Then, we configure an exporter to deliver the data to the loki host using oltphttp format.

    YAML
   
   otlphttp:
  endpoint: http://loki:3100/otlp

Tempo

In similar fashion than Loki, Tempo is an Open Source project created by grafana that aims to provide a distributed tracing backend. On a personal note, for me besides performance it shines for being compatible not only with OpenTelemetry, it can also ingest data in Zipkin and Jaeger formats.

To configure the project for local environments, the project offers a configuration that is usable for most of the development purposes. The following configuration is an adaptation to remove the metrics generation and simplify the configuration, however with this we loose the service graph feature.

tempo.yaml

    YAML
   
 

   stream_over_http_enabled: true
server:
  http_listen_port: 3200
  log_level: info

query_frontend:
  search:
    duration_slo: 5s
    throughput_bytes_slo: 1.073741824e+09
    metadata_slo:
      duration_slo: 5s
      throughput_bytes_slo: 1.073741824e+09
  trace_by_id:
    duration_slo: 5s

distributor:
  receivers:
    otlp:
      protocols:
        http:
        grpc:

ingester:
  max_block_duration: 5m               # cut the headblock when this much time passes. this is being set for demo purposes and should probably be left alone normally

compactor:
  compaction:
    block_retention: 1h                # overall Tempo trace retention. set for demo purposes

storage:
  trace:
    backend: local                     # backend configuration to use
    wal:
      path: /var/tempo/wal             # where to store the wal locally
    local:
      path: /var/tempo/blocks
  

Then, we configure an exporter to deliver the data to Tempo host using oltp/grpc format.

    YAML
   
   otlp:
    endpoint: tempo:4317
    tls:
      insecure: true

Grafana

Loki, Tempo and (to some extent) Prometheus are data storages, but we still need to show this data to the user. Here, Grafana enters the scene.

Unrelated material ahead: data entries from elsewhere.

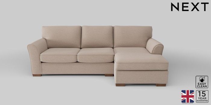 6.12.1 Buy Michigan II Medium Sofa Chaise - Right Hand Fine Chenille Easy Clean Mid Taupe Brown Slim Block - Mid from the Next UK online shop Click here to use our accessible website
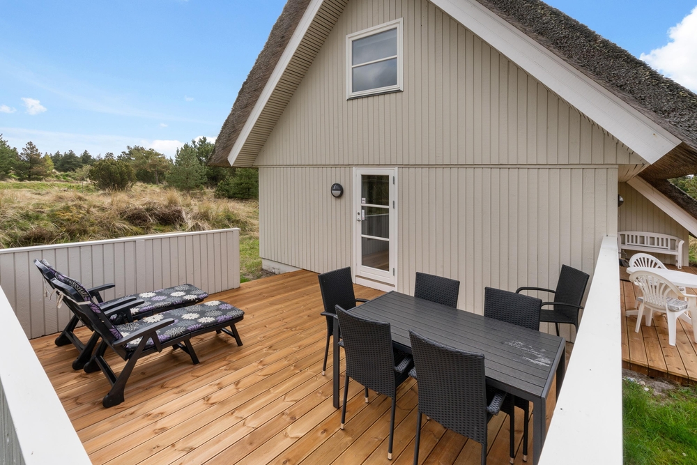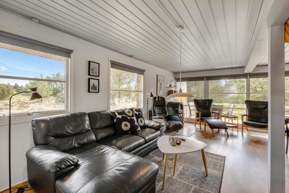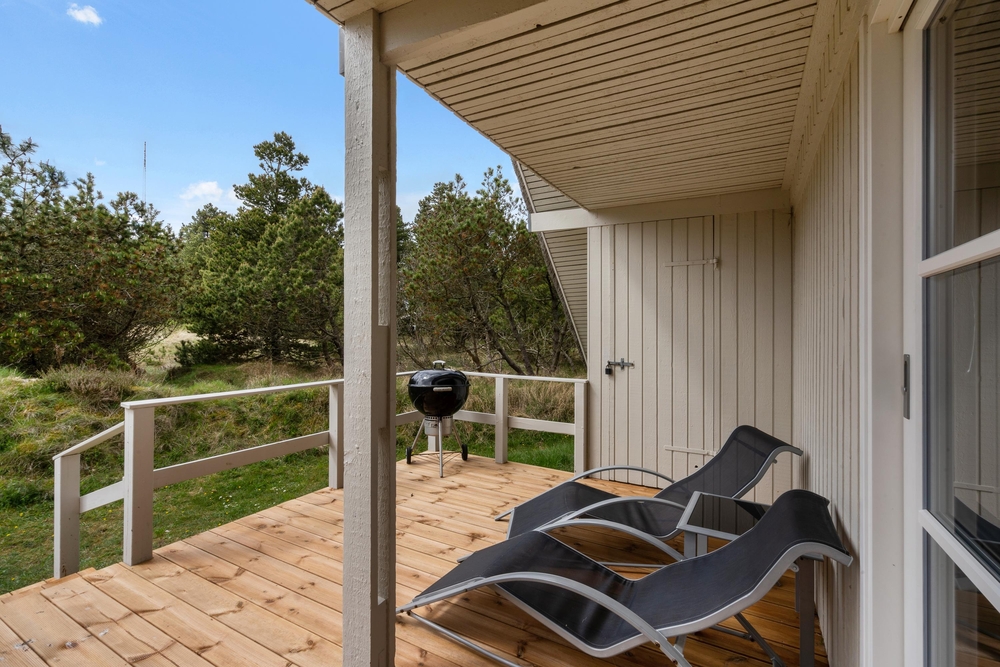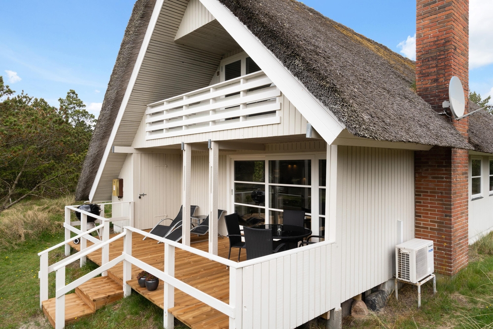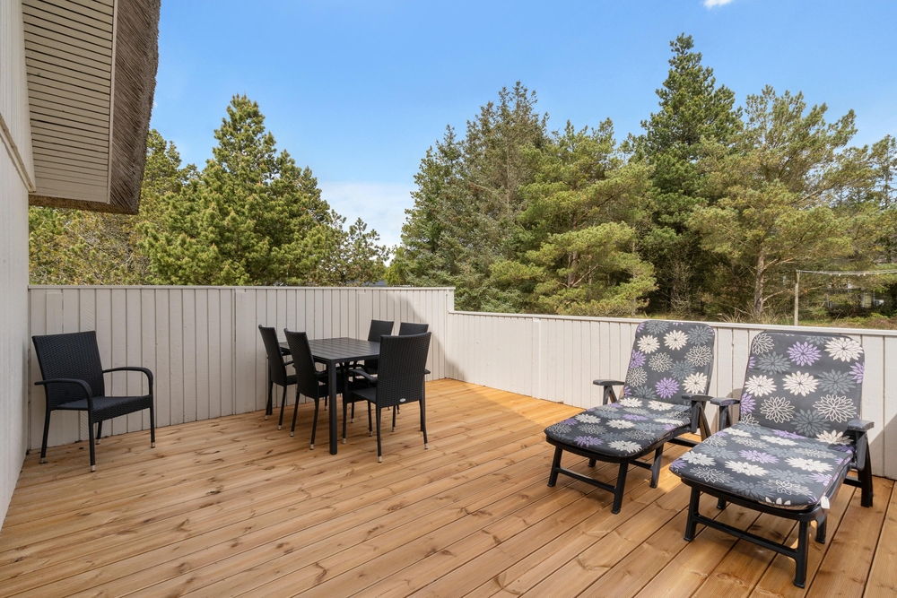Im Ferienhaus Ved Skoven 5 verschmilzen Drinnen und Draußen auf besonders charmante Weise, aufgrund der Panoramafenster im Wohnbereich und zum Balkon könnt ihr euch auch drinnen der Natur sehr nah fühlen, die drei Terrassen bieten euch dagegen bei jedem Wetter die Möglichkeit, draußen eine Tasse Kaffee zu trinken, je nach Wunsch in der Sonne, im Schatten oder windgeschützt.
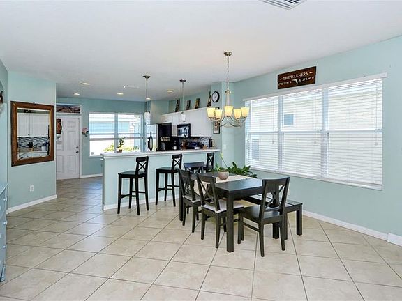 • Interior Features: Ceiling Fans(s), Eating Space In Kitchen, High Ceiling(s), Open Floorplan, Solid Wood Cabinets, Thermostat, Kitchen/Family Room Combo, Solid Surface Counters, Dry Bar
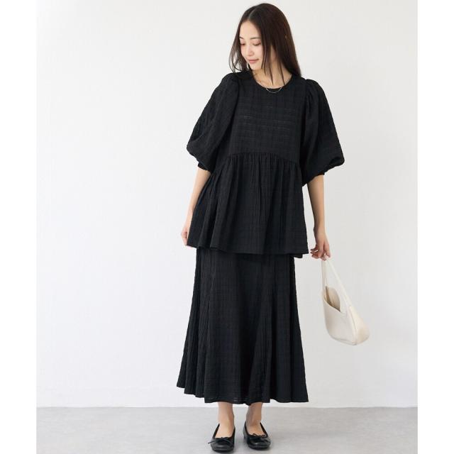 同素材のシアーチェックギャザーチュニック(品番:5750028)
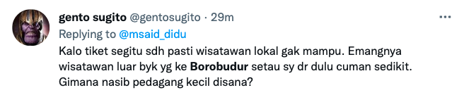 "Kalo tiket segitu sdh pasti wisatawan lokal gak mampu. Emangnya wisatawan luar byk yg ke Borobudur setau sy dr dulu cuman sedikit. Gimana nasib pedagang kecil disana?," ujar akun @gentosugito.

Grafana offers a good selection of analysis tools, plugins, dashboards, alarms, connectors and a great community that empowers observability. Besides having a great compatibility with Prometheus, it offers of course a perfect compatibility with their other offerings.

To configure Grafana, you just need to plug compatible datasources, and the rest of the work will be on the web ui.

grafana.yaml

    YAML
   
 

   apiVersion: 1

datasources:
  - name: Otel-Grafana-Example
    type: prometheus
    url: http://prometheus:9090
    editable: true
  - name: Loki
    type: loki
    access: proxy
    orgId: 1
    url: http://loki:3100
    basicAuth: false
    isDefault: true
    version: 1
    editable: false
  - name: Tempo
    type: tempo
    access: proxy
    orgId: 1
    url: http://tempo:3200
    basicAuth: false
    version: 1
    editable: false
    apiVersion: 1
    uid: tempo
  

Podman (or Docker)

At this point, you may have noticed that I've referred to the backends using single names. This is because I intend to set these names using a Podman Compose deployment.

otel-compose.yml

    YAML
   
 

   version: '3'
services:
  otel:
    container_name: otel
    image: otel/opentelemetry-collector-contrib:latest
    command: [--config=/etc/otel-config.yml]
    volumes:
      - ./otel-config.yml:/etc/otel-config.yml
    ports:
      - "4318:4318"
      - "4317:4317"
      - "55679:55679"
  prometheus:
    container_name: prometheus
    image: prom/prometheus
    command: [--config.file=/etc/prometheus/prometheus.yml]
    volumes:
      - ./prometheus.yml:/etc/prometheus/prometheus.yml
    ports:
      - "9091:9090"
  grafana:
    container_name: grafana
    environment:
      - GF_AUTH_ANONYMOUS_ENABLED=true
      - GF_AUTH_ANONYMOUS_ORG_ROLE=Admin
    image: grafana/grafana
    volumes:
      - ./grafana.yml:/etc/grafana/provisioning/datasources/default.yml
    ports:
      - "3000:3000"
  loki:
    container_name: loki
    image: grafana/loki:3.2.0
    command: -config.file=/etc/loki/local-config.yaml
    volumes:
      - ./loki.yaml:/etc/loki/local-config.yaml
    ports:
      - "3100"
  tempo:
    container_name: tempo
    image: grafana/tempo:latest
    command: [ "-config.file=/etc/tempo.yaml" ]
    volumes:
      - ./tempo.yaml:/etc/tempo.yaml
    ports:
      - "4317"  # otlp grpc
      - "4318"
  

At this point, the compose description is pretty self-descriptive, but I would like to highlight some things:

Some ports are open to the host -e.g. 4318:4318 - while others are closed to the default network that compose will be created among containers -e.g. 3100-
This stack is designed to avoid any permanent data. Again, this is my personal way to boot quickly an observability stack to allow tests during deployment. To make it ready for production, you probably would want to preserve the data in some volumes

Once the configuration is ready, you can launch it using the compose file

    Shell
   
   cd podman
podman compose -f otel-compose.yml up

If the configuration is ok, you should have five containers running without errors.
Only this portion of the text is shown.